The changes that we observed in the distribution of splitter neurons may be influenced by the use of specific methods and thresholds. The results on distribution of task representations among the population of cells are presented as a percentage of cells which met criteria for reliable activity on a particular recording session, so changes in these percentages will be influenced by the number of cells included. Regarding our reliability threshold, this does seem to be a possible factor in our results since more neurons pass this threshold over time (Figure 2e), although we found that this was consistent across a range of reliability thresholds (Supplementary Figure 4a–d). Since any proportion is related to other proportions in the sample, an increase or decrease in proportion could arise either from an increase of the one quantity of interest (here, number of cells which pass a particular test for splitting) or from a change in the number of elements sampled (here, number of cells included). To estimate possible changes in activity coding over time, future studies should seek to employ methods which can better track individual neurons across recording sessions in a manner that is not activity dependent, such as two-photon imaging, and by methods which more precisely resolve individual action potentials.

Representations may change in different ways over time during stable behavior based on competing demands on memory reorganization. Generalization emphasizes the similarities across experiences to aid in the transfer of learning across contexts, while orthogonalization makes representations more distinct to mitigate interference between contexts. Both mechanisms are important for spatial navigation and episodic memory (Hasselmo & Wyble, 1997; Kumaran & McClelland, 2012; McNaughton & Morris, 1987; Norman & O’Reilly, 2003; Schapiro et al. 2017; Treves & Rolls, 1994; Winocur et al. 2010), and both processes are observed in the hippocampus in fMRI studies using behavioral tasks with multiple demands (Brown et al. 2010; Brown & Stern, 2014; Chanales et al. 2017).
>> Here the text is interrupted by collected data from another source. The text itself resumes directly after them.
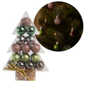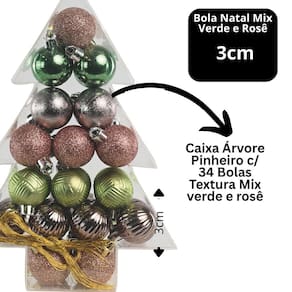 Super Kit com 34 Bolas de Natal Verde e Rosê – Texturas Variadas | 3cm | Embalagem em Formato de Pinheiro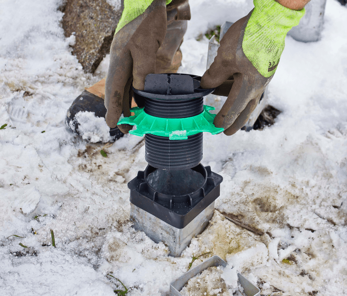 Le plot Elevo® se positionne sur un pieu métallique de 90x90mm ancré dans le sol. Une fois fixé, sa hauteur peut être ajustée manuellement grâce à un écrou de réglage et/ou par l’ajout de rehausses de 60 mm (jusqu’à 4 maximum). Il est conçu pour supporter des lambourdes en bois naturel ou en aluminium et permet de réaliser une terrasse s`ans décaissement ni préparation du sol.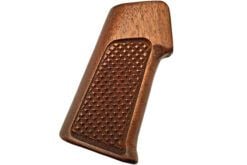 The JMK wood AR-15 grip is available in multiple configurations to suit your preference. These grips will fit any firearm that uses an AR milspec lower.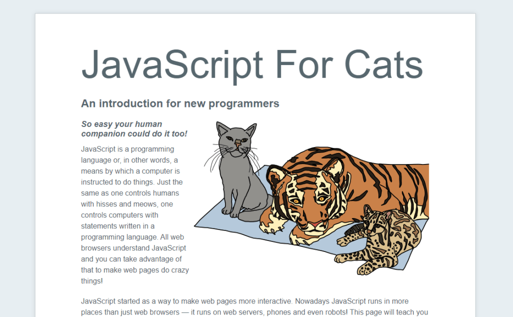 JavaScript for Cats has a simplistic and funnier approach to JavaScript. It gives you a basic intro to JavaScript, advertising it’s “So easy your human companion could do it too” to cats. After you finish the short course, it gives you other ways to learn more advanced JavaScript.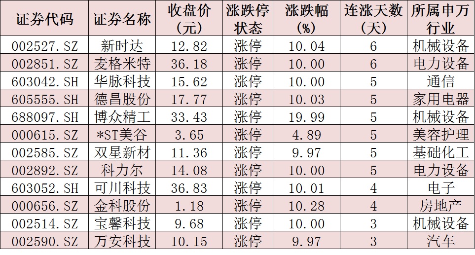 表:連續(xù)上漲3日且今日收盤漲停個(gè)股情況: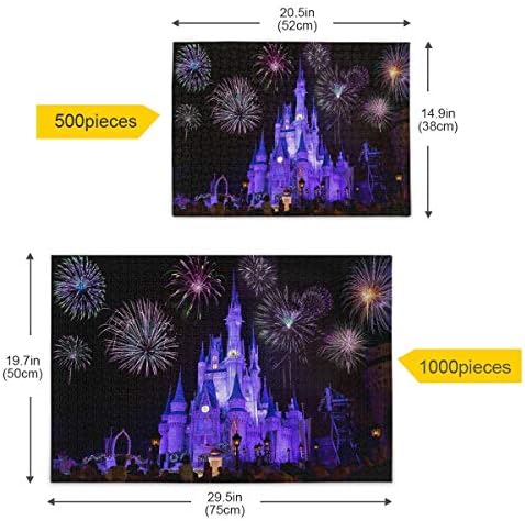 Castle with Firework Jigsaw Puzzle 500 Piece, Dream Castle Puzzle for Adults Kids DIY Gift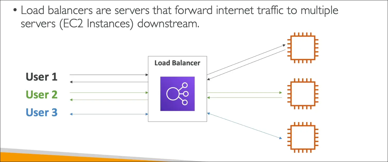 - A Load Balancer is a server that distributes incoming internet traffic across multiple backend servers (EC2 instances).
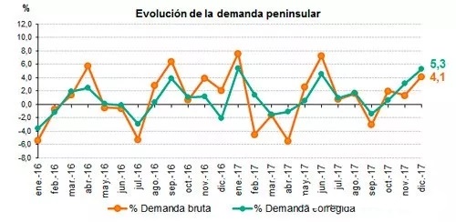 單就12月份數(shù)據(jù)來看,伊比利亞半島12月的電力需求約為22,219GWh,比往年同期增加了4.1%。若將氣溫變化等相關(guān)因素考慮在內(nèi),那么與2016年12相比,該半島電力需求同比上漲了5.3%。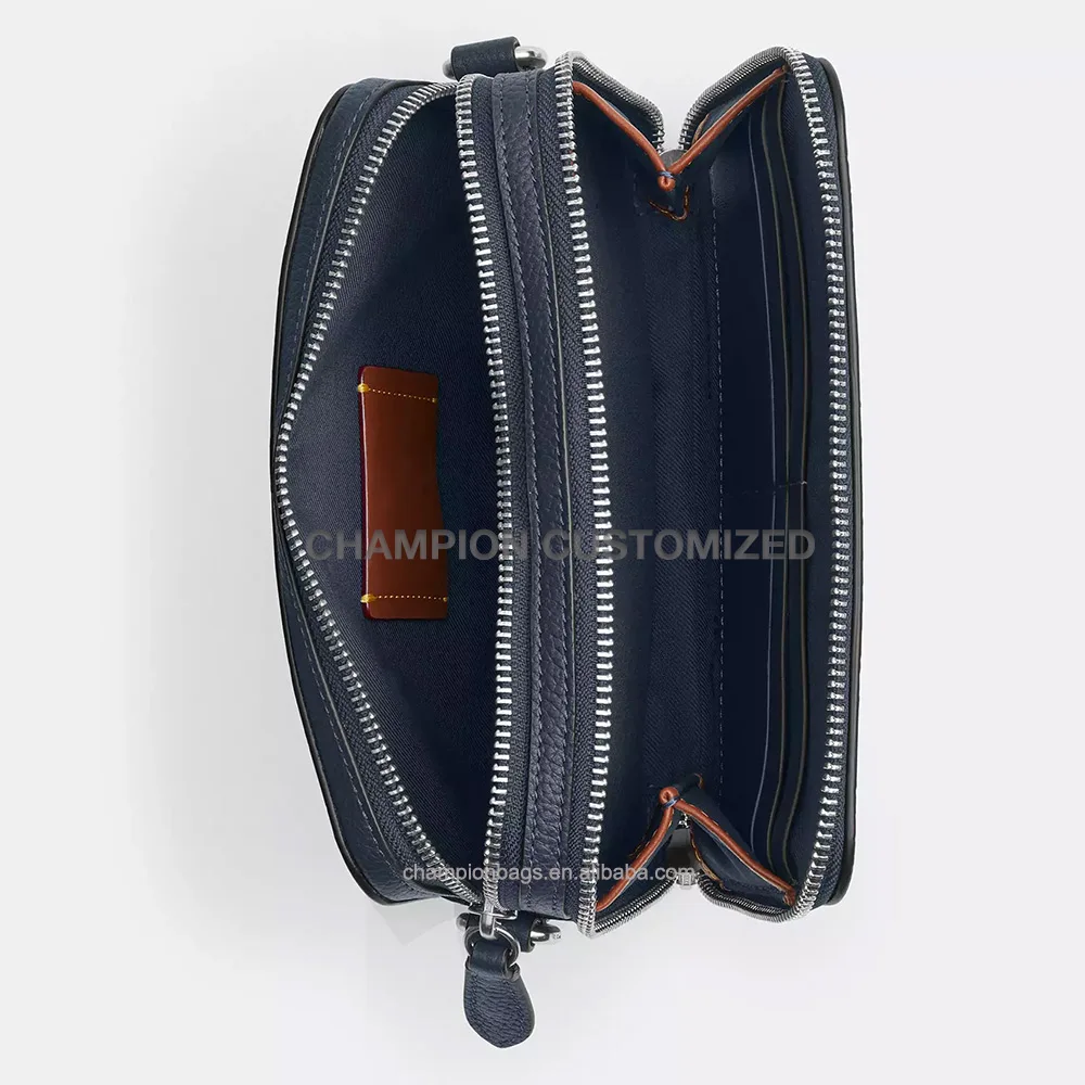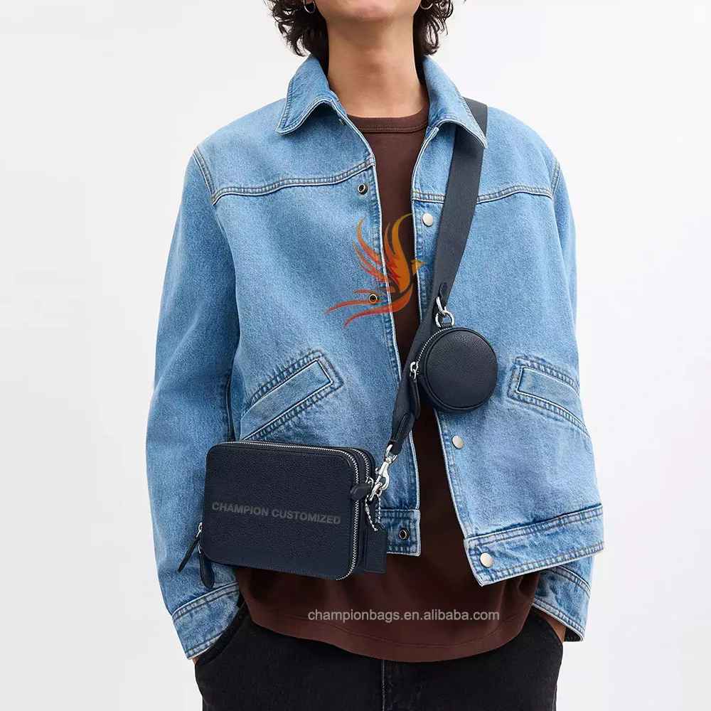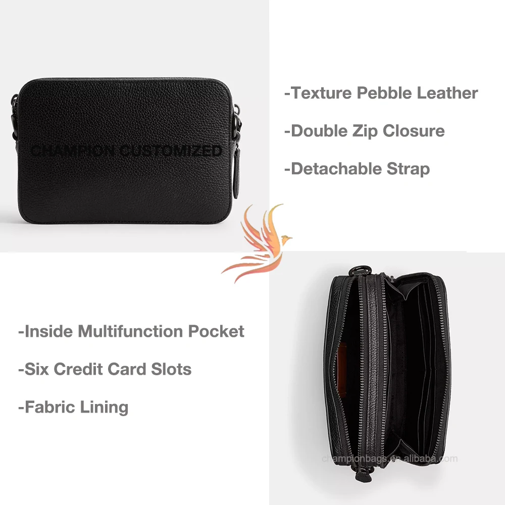 Custom Logo Luxury Vegan Pebble Leather Double Zip Square Crossbody Shoulder Messenger Bag for Men

However, the interplay of generalization and orthogonalization in the long term reorganization of memory has not been previously studied at the single neuron level in a dynamically evolving neural circuit. Representations of different trial types may become more orthogonalized and distinct, following the precedent set by many studies on learning (Komorowski et al. 2009; McKenzie et al. 2013; Chanales et al. 2017). Alternatively, representations could become more schematic through generalization as the animals become over-trained on the task, perhaps preserving only those distinctions relevant to performing the task. At the single neuron level, we observed a result consistent with the generalization hypothesis among the population of reliably active neurons: a decreasing number of turn+phase splitter neurons (which encode a single experience: a route to a single destination during a single task phase) and an increasing number of turn splitter neurons (which encode multiple experiences: routes to the same destination during multiple task phases). At the population level, however, we instead observed a highly stable representational structure.

Studies which report orthogonalizing change in hippocampal coding properties typically examine an initial learning phase, comparing data from before and after a subject reaches a performance criterion, and often in a single session (Kobayashi et al. 2003; Komorowski, et al. 2009; McKenzie et al. 2013). Because our recordings began after animals had received considerable experience with the maze environment during behavioral shaping, we may have captured a set of operational demands unlike initial task learning. To reconcile our finding of generalization with previous reports of orthogonalization, we propose that both mechanisms act on the organization of hippocampal memory but at different timescales: orthogonalization dominates an early, fast encoding process which emphasizes the uniqueness of current experiences, while generalization acts as a slower refinement of existing memory representations by finding statistical regularities; both of these processes likely involve regions outside the hippocampus (Ghosh & Gilboa, 2013; Koster et al., 2018; Lewis et al., 2018). This distinction suggests that it is more appropriate for our work to be framed in terms of long-term mechanisms of memory stability, rather than those which are relevant to shaping the initial learning and encoding process.

Divergent expectations for short and long-term memory organization are apparent when comparing our results to a previous report which employed a similar task to ours in which human participants navigated partially overlapping trajectories in a virtual environment (Chanales et al., 2017; see also Brown et al. 2010; Brown and Stern 2014). The authors found that the hippocampal voxel activity patterns for overlapping trajectory segments grew more distinct from each other over the course of learning, while patterns for non-overlapping segments did not change in their representational similarity. Our results parallel this finding in showing that conflicts between behavioral responses in overlapping locations (experienced on the central stem in the DNMP task) can drive changes in the neural representation while representations for non-overlapping segments remain stable (return arms, Supplementary Figure 5). However, unlike Chanales and colleagues, we did not observe a population-level increase in discriminability of overlapping segments, which could be explained by the fact that their study was conducted in a single session while ours ran for multiple weeks.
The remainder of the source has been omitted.